C’est principalement le sentiment de sécurité qui attire les femmes en particulier: une soixantaine de gardes de sécurité et des policiers en civil patrouillent le site, assurant ainsi le décorum.

Pourtant, même sous surveillance, les femmes ne sont pas complètement à l'aise.

Sanae a choisi de porter un short et un débardeur «car il y a beaucoup de voyeurs».

Elle réserve son maillot de bain une pièce «pour les plages sauvages au Maroc ou à l'étranger».

Comme elle, beaucoup se sentent «plus libres» à la piscine qu'à la plage, mais préfèrent rester vêtus et sur les chaises longues pendant que leurs enfants jouent dans l'eau sous la surveillance de maîtres-nageurs.

'Inconfortable'

Considéré comme un atout touristique clé au Maroc, les nombreuses plages des côtes méditerranéennes et atlantiques de ce pays d’Afrique du Nord sont moins attrayantes pour les femmes. Les maillots de bain, quelle que soit leur couverture, sont considérés par certains comme offensants, voire comme un signe de «débauche».

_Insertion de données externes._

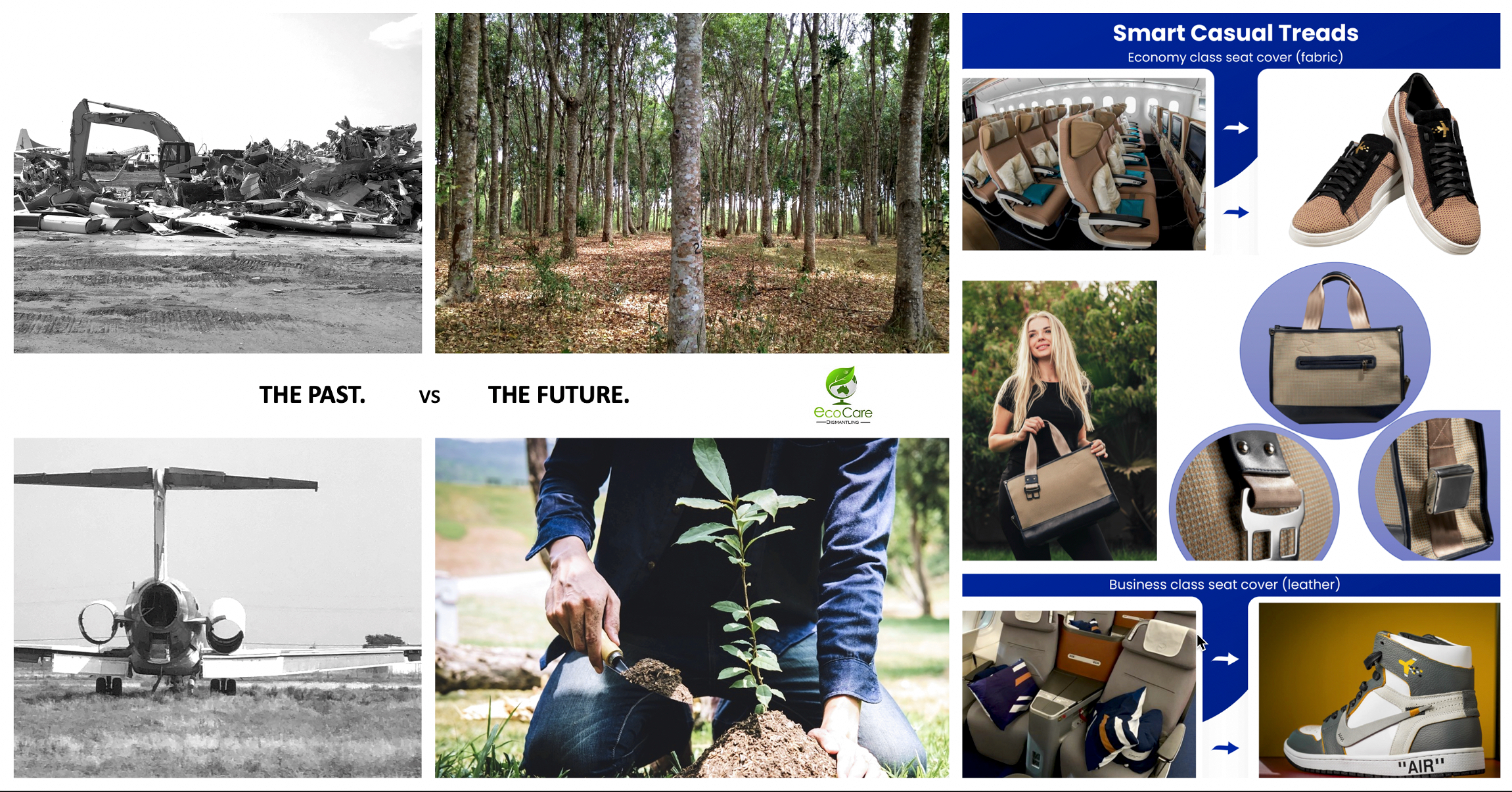 NAAI is pursuing obtaining carbon credits for recycled aluminum and plastics versus virgin sourcing (which has much greater carbon emissions). In the meantime, the recycling process will include some of the recycled plastics going into the fabrication of plastic for new aircraft, taking the first step toward a circular, sustainable supply chain. In addition, NAAI has developed upcycling methods for converting scrap materials into other products such as handbags, shoes, furniture, and watches. All of which will come with recycling authenticity stamps.

Pour nager sans risque de harcèlement, il faut se lever tôt, chercher des endroits isolés ou payer l'accès à des zones privées.

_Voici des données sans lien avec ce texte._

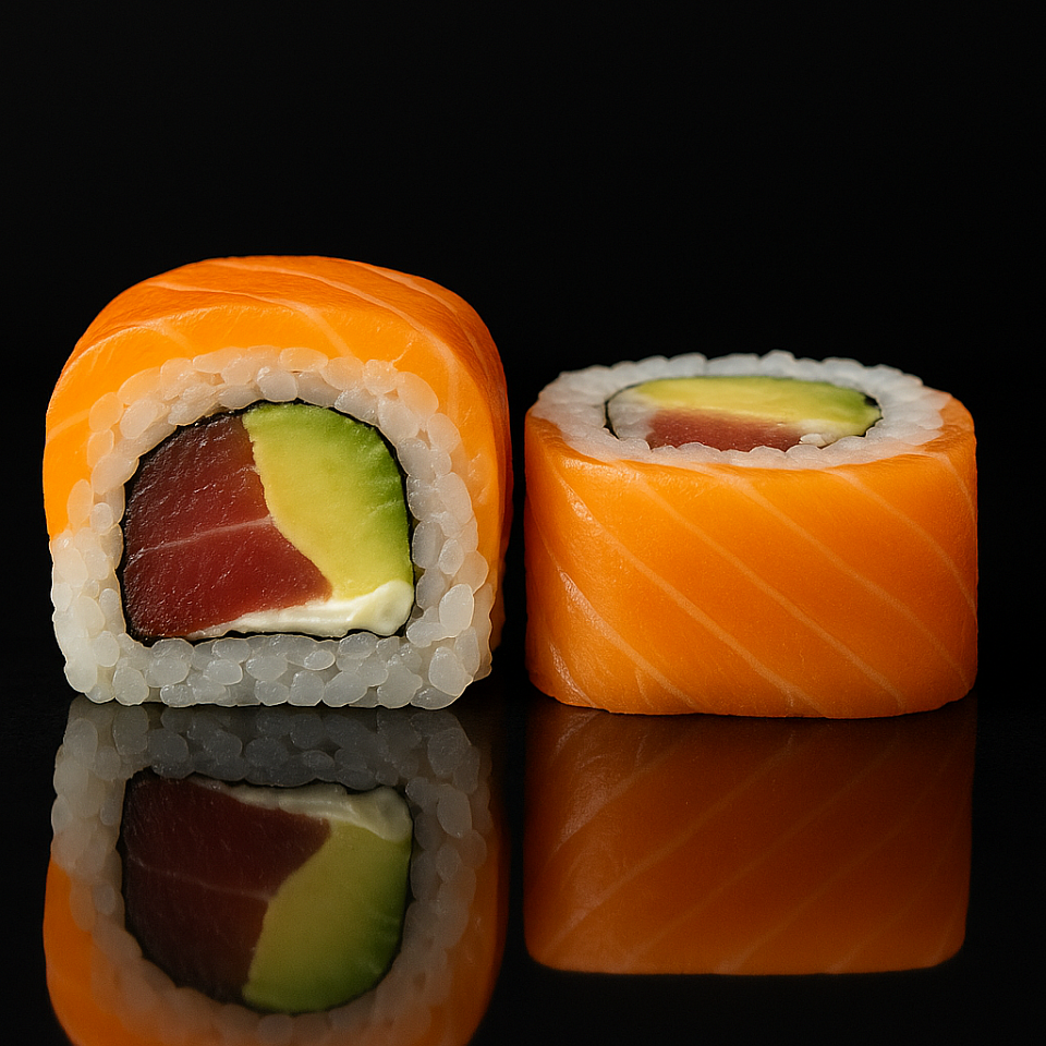 salmon,arroz,nori,aguacate,queso de Filadelfia,camarones

«Le phénomène est apparu sur certaines plages de Casablanca dans les années 90. . . L'opinion publique n'a pas pris cela au sérieux et n'a pas réagi », a déclaré la sociologue Soumaya Naamane Guessous.

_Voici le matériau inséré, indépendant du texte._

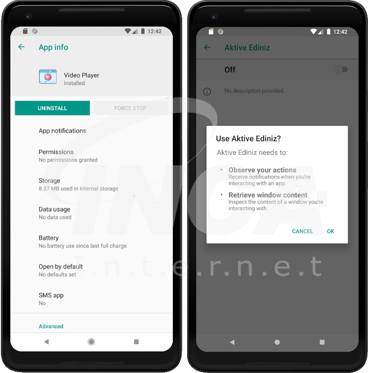 최근, "Video Player.apk"라는 이름으로 악성 원격제어 앱이 발견되었다. 해당 앱은 원격지와 연결하여 파일을 다운로드하거나 단말기의 정보 및 등을 탈취한다. 그리고 추가적인 원격제어 동작 여부를 설정하고 원격지에서 받아온 데이터를 통해 특정 번호로 문자메시지를 전송하거나, 전화를 할 수도 있다. 해당 앱은 스토어에서 판매되지는 않지만, 웹 페이지 등 그 외의 경로로 배포된 것으로 추정된다.

Pour elle, «c’est une régression principalement liée à la propagation des idées salafistes importées de l’étranger».

L'été dernier, une page Facebook a appelé les hommes à interdire aux femmes «de sortir avec des vêtements indécents».

Une campagne a été lancée sur les médias sociaux, les femmes publiant des photos en maillot de bain et utilisant le hashtag #beafreewoman.

«Tous les hommes ont l'air. C'est ennuyant. Nous ne sommes pas à l’aise », a déclaré Leila, 36 ans, venue avec son amie Khadija, 50 ans, en vacances en provenance de France.

Eux aussi avaient évité les maillots de bain au bord de la piscine.

Anouar, 32 ans, venait de Tanger avec sa femme – qui porte un voile – et sa fille.

À son avis, ce sont les femmes vêtues de «vêtements irrespectueux qui harcèlent les hommes et les familles».

"Méritent d'être harcelés"

«La tendance est devenue si conservatrice et si banale que les femmes en maillot de bain sont soumises aux regards critiques ou même aux commentaires dégradants d’autres femmes», a déclaré Guessous.

«C’est une mentalité qui doit changer», a déclaré la militante féministe, ajoutant que c’était une attitude qui «affecte l’espace public en général» au Maroc.

Malgré une réputation de tolérance comparée au reste du monde arabo-musulman, une étude réalisée par ONU Femmes en 2017 a montré que, pour les Marocains, «les femmes qui s'habillent de manière provocante méritent d'être harcelées».

Le nombre de femmes professant cette opinion – 78% – a dépassé celui des hommes, avec 72%.

Une loi sur la violence à l'égard des femmes adoptée en février dernier prévoyait pour la première fois des sanctions pour harcèlement, mais leur mise en œuvre reste rare.

Début août, un instituteur a été arrêté après avoir lancé un appel aux médias sociaux pour que trois jeunes volontaires belges soient décapitées pour avoir porté un short alors qu'elles travaillaient dans le sud du pays.